YOLO Image Detection

Image detection is a common task in computer vision, and there are various algorithms and techniques that can be used to achieve it. One of the most popular and effective methods is YOLO (You Only Look Once), which is a real-time object detection system developed by Joseph Redmon and Ali Farhadi. In this blog post, we will explore how to use YOLO for image detection in Python.

What is YOLO?

YOLO is a convolutional neural network (CNN) based object detection system that is fast and accurate. It works by dividing the input image into a grid of cells and using each cell to predict the presence and location of objects. YOLO uses a single CNN network to predict the class and location of multiple objects in an image. This allows it to process images in real-time, making it suitable for use in applications where speed is a priority.

How to use YOLO for image detection in Python?

To use YOLO for image detection in Python, we need to install the following libraries:

  • NumPy: a library for scientific computing with Python.
  • OpenCV: a library for computer vision tasks.
  • imutils: a library for image processing in Python.
  • Darknet: a neural network framework written in C and CUDA.

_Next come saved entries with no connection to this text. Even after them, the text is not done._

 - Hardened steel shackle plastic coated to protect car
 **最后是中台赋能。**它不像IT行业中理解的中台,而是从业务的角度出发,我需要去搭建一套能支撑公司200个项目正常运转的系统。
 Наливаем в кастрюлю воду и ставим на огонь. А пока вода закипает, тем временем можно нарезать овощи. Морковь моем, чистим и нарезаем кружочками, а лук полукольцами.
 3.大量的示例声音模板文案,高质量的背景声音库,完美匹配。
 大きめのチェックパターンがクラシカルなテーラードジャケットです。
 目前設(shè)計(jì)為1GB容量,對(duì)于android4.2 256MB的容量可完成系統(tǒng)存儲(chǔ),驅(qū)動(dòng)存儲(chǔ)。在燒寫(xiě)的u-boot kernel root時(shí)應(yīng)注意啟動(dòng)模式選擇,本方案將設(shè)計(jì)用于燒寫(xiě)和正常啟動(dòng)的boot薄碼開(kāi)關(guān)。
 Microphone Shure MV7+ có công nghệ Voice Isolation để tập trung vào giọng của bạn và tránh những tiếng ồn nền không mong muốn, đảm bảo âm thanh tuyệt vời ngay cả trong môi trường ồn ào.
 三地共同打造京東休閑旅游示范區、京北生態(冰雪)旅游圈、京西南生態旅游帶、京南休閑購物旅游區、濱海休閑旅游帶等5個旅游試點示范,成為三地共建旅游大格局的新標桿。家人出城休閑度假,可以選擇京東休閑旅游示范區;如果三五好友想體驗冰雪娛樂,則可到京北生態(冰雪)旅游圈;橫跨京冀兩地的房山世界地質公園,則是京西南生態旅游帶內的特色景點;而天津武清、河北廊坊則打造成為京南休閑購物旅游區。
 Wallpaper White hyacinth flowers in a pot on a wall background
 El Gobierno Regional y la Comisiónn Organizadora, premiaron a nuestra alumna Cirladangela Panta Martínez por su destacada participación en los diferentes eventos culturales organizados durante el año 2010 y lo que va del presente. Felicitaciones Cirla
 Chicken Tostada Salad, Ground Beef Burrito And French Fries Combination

We can install these libraries using the following command:

pip install numpy opencv-python imutils darknet

Once we have these libraries installed, we can start using YOLO for image detection in Python. The first step is to download the YOLO weights file and configuration file from the official website. We can then use these files to initialize the YOLO detector.

Here is an example of how to do this in Python:

import cv2
import numpy as np

# Load YOLO weights and configuration file
net = cv2.dnn.readNet("yolov3.weights", "yolov3.cfg")

# Load image
image = cv2.imread("image.jpg")

# Get image dimensions
(H, W) = image.shape[:2]

# Determine only the *output* layer names that we need from YOLO
ln = net.getLayerNames()
ln = [ln[i[0] - 1] for i in net.getUnconnectedOutLayers()]

# Construct a blob from the input image and then perform a forward
# pass of the YOLO object detector, giving us our bounding boxes and
# associated probabilities
blob = cv2.dnn.blobFromImage(image, 1 / 255.0, (416, 416),
	swapRB=True, crop=False)
net.setInput(blob)
layerOutputs = net.forward(ln)

Once we have the output from YOLO, we can use it to detect objects in the image. To do this, we need to loop over each of the bounding boxes and draw them on the image. We can also use the class labels and confidence scores to label the bounding boxes.

# Loop over each of the layer outputs
for output in layerOutputs:
    # Loop over each of the detections
    for detection in output:
        # Extract the class ID and confidence (i.e., probability) of
        # the current object detection
        scores = detection[5:]
        classID = np.argmax(scores)
        confidence = scores[classID]

        # Filter out weak detections by ensuring the detected
        # probability is greater than the minimum probability
        if confidence > 0.5:
            # Scale the bounding box coordinates back relative to the
            # size of the image, keeping in mind that YOLO actually
            # returns the center (x, y)-coordinates of the bounding
            # box followed by the boxes' width and height
            box = detection[0:4] * np.array([W, H, W, H])
            (centerX, centerY, width, height) = box.astype("int")

            # Use the center (x, y)-coordinates to derive the top and
            # and left corner of the bounding box
            x = int(centerX - (width / 2))
            y = int(centerY - (height / 2))

            # Update our list of bounding box coordinates, confidences,
            # and class IDs
            boxes.append([x, y, int(width), int(height)])
            confidences.append(float(confidence))
            classIDs.append(classID)

# Apply non-maxima suppression to suppress weak, overlapping bounding
# boxes
idxs = cv2.dnn.NMSBoxes(boxes, confidences, 0.5, 0.3)

# Ensure at least one detection exists
if len(idxs) > 0:
    # Loop over the indexes we are keeping
    for i in idxs.flatten():
        # Extract the bounding box coordinates
        (x, y) = (boxes[i][0], boxes[i][1])
        (w, h) = (boxes[i][2], boxes[i][3])

        # Draw the bounding box on the image
        color = [int(c) for c in COLORS[classIDs[i]]]
        cv2.rectangle(image, (x, y), (x + w, y + h), color, 2)
        text = "{}: {:.4f}".format(LABELS[classIDs[i]], confidences[i])
        cv2.putText(image, text, (x, y - 5), cv2.FONT_HERSHEY_SIMPLEX,
            0.5, color, 2)

# Show the output image
cv2.imshow("Image", image)
cv2.waitKey(0)

This code will apply YOLO to the input image and draw bounding boxes around the detected objects. It will also label the bounding boxes with the class labels and confidence scores.